In this issue of The Journal of Nuclear Medicine, Kobylecki et al. (8) report their experience with 18F-florbetapir in the distinction of FTD versus AD in demented patients recruited from a university-affiliated cognitive disorders clinic. The intent of the research was to assess the ability of the radiofluorinated tracer to reproduce the previously published results of amyloid imaging with 11C-Pittsburgh compound B from several laboratories (9–11). In essence, patients with clinical presentations favoring FTD over AD should have negative amyloid scan results, and patients with AD should have positive scan results. However, as often encountered in biomedical research, the study results may raise as many questions as they answer. Kobylecki et al. report that the recommended clinical interpretation approach to 18F-florbetapir scans resulted in identification of positive patterns in 25% of FTD and in 10% of normal comparison subjects. They identified positive scans in 80% of AD subjects. These findings raise critically important issues: are the rating recommendations and rules for clinical amyloid reporting suboptimal? Do the clinical diagnostic amyloid tracers perform differently from predictions based on the research amyloid tracer 11C-Pittsburgh compound B?

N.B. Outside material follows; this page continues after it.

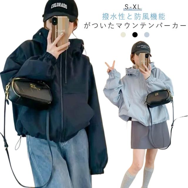 パーカー トップス プルオーバー レディース フード マウンテンプルオーバー キャンプ ウインドブレーカー フード付き ブルゾン ショート丈 長袖 カジュアル 大人 無地 登山 防風 撥水 アウトドア ミリタリー アウター ビッグ フードコート ストレッチ 秋 夏 送料無料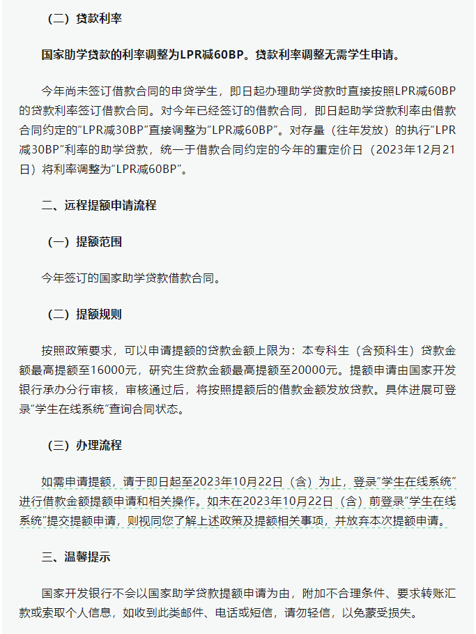 轉發《國家開發銀行承辦的國家助學貸款額度提升和利率調整的公告》

There are several considerations that may account for apparent discord between clinical diagnoses and 18F-florbetapir interpretations. First, the clinical diagnoses may be inaccurate. It is well established that clinical classification differs from autopsy diagnosis in a significant proportion of dementia cases (12). In the present study, the investigators used also 18F-FDG PET brain imaging, confirming that FTD patients had prominent frontal lobe hypometabolism. This feature, however, is also fallible in the diagnosis of FTD when compared with autopsy confirmation (13,14). Thus, the discrepant amyloid versus clinical classification results of the Kobylecki study add to reports suggesting potential diagnostic gain from the imaging (15–18), even beyond the contribution of 18F-FDG PET characterizations. The authors offer the possibility of multiple pathologies in some of their subjects as another explanation, noting particularly the potential impact of apolipoprotein E ε4 genotype on promotion of amyloid deposition. Although the effect of apolipoprotein E cannot be not excluded, the cooccurrence of FTD and fibrillary amyloid deposition is only rarely reported and is notably absent from most series of autopsy dementia evaluation (15). Only autopsy confirmation of dementia pathology in the currently reported cases will reveal the truth underlying the apparent disparities in the Kobylecki report.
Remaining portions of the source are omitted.